= Rosamund Brunel Gotch =

English costume designer, illustrator and writer (1864–1949)

Rosamund Brunel Gotch (27 February 1864 – 22 January 1949) was an English stage costume designer, illustrator and writer.

She was born Rosamund Brunel Horsley in Cranbrook, Kent, the youngest of four sons and three daughters. Her parents were the artist John Calcott Horsley and his second wife Rosamund Haden, sister of the etcher Seymour Haden. She was named Brunel after her uncle by marriage Isambard Kingdom Brunel. Her brother Victor Horsley became famous as a surgeon and neuropathologist. Her elder sister Frances (aka Fanny Marion, later Lady Whitelegge, 1859–1949) married the doctor and occupational health pioneer Sir Arthur Whitelegge.

Rosamund married the Oxford neurophysiologist Francis Gotch at St. Margaret's Church, Westminster on 15 December 1887. They lived at 'The Lawn', 89 Banbury Road in Oxford. As an illustrator, she contributed a frontispiece and twenty plates of human hand lithographs to Edward Heron-Allen's chirognomy and cheiromancy manual A Manual of Cheirosophy (1900). Francis Gotch died in 1913.

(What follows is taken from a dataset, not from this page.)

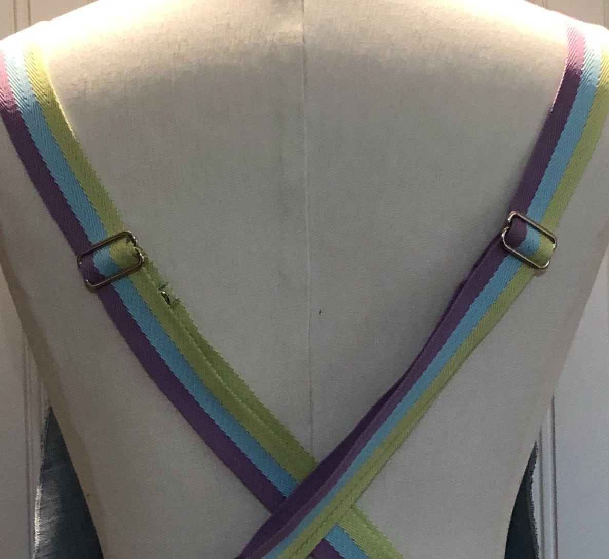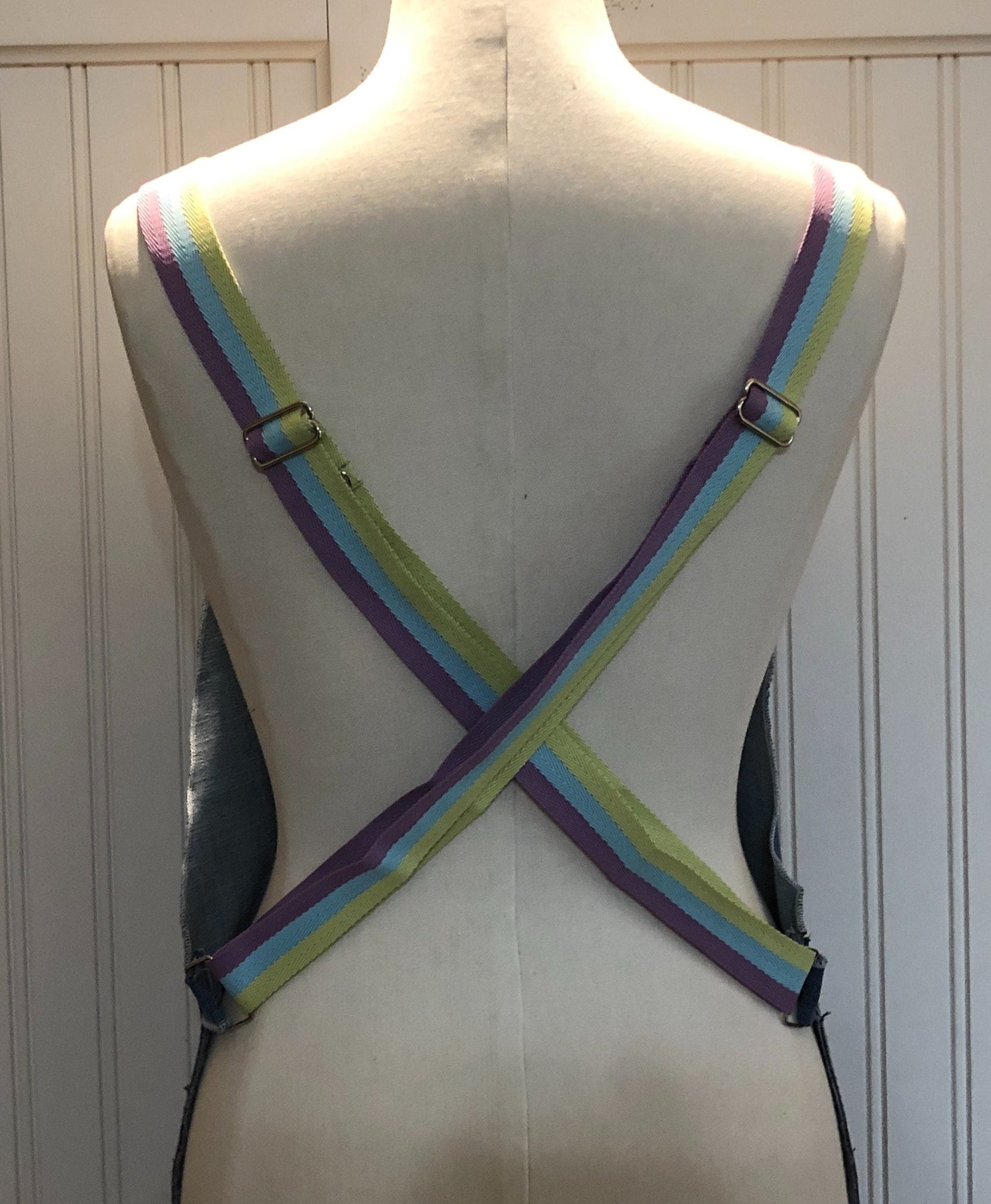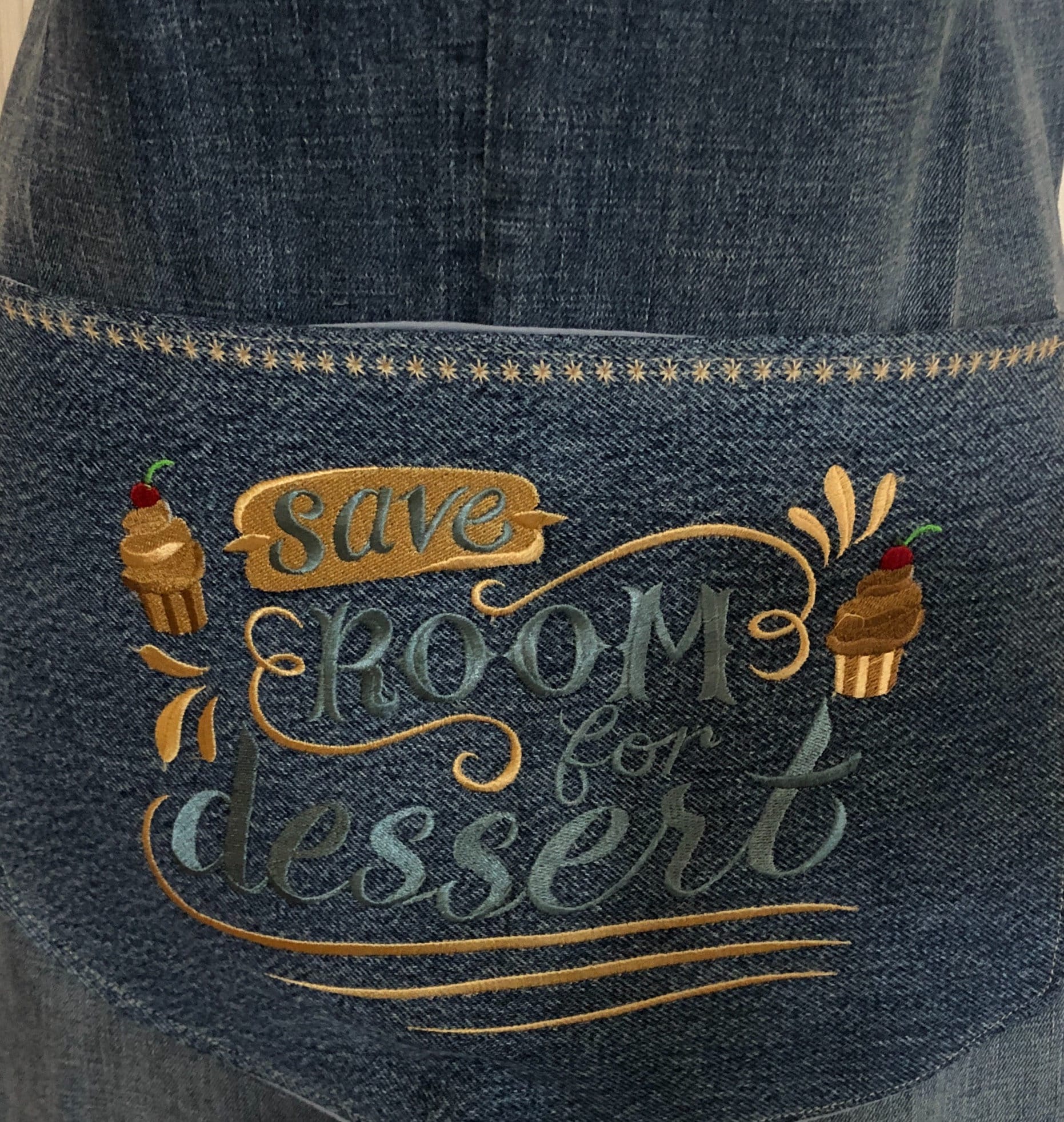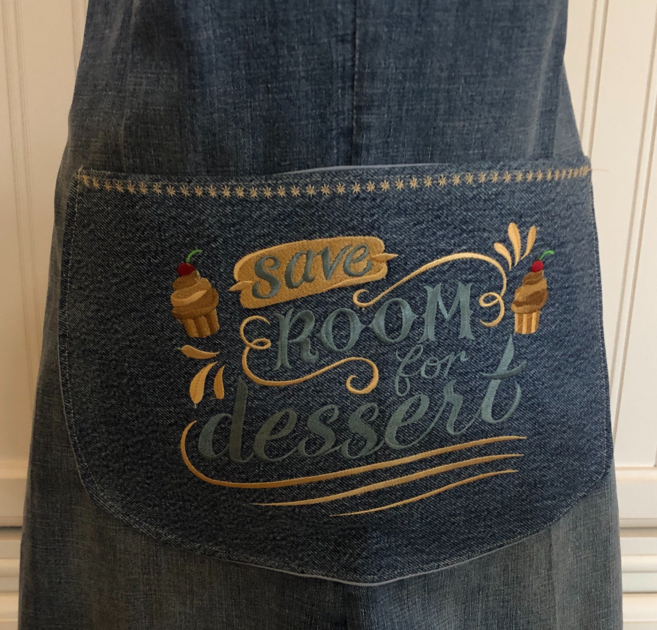 This beautiful denim apron is made from repurposed women's blue jeans. There is a large embroidered pocket with save room for dessert. There are no ties but instead there are cross back adjustable straps and the apron shape make it possible for this to fit comfortably from S to L. Slip it over your head to wear it with your tights and a sports bra as a comfortable dress or pop it over your clothes for a full coverage apron.

Later in life she worked for many years as a stage costume designer, dressing over 160 productions at the Royal College of Music's Parry Theatre, including three operas by Vaughan Williams: Hugh the Drover (1924), The Shepherds of the Delectable Mountains (1925) and Sir John in Love (1929). She became a friend of Vaughan Williams and Hugh Allen.

Gotch wrote two books connected to her family history. In 1934 she edited for publication a collection of the letters of Fanny and Sophy Horsley, daughters of the composer William Horsley, between 1833 and 1836, recalling events at No. 1, High Row, Kensington Gravel Pits (now 128 Kensington Church Street) at a time when Felix Mendelssohn was a frequent visitor. Rosamund Gotch grew up in the same house. The second book was a biography of her great-great-aunt by marriage Maria, Lady Callcott.

She died at 20 St Giles, Oxford in January 1949, aged 84.
Her daughter was the violist Veronica Gotch, a member of the Whinyates String Quartet in the 1930s and early 1940s.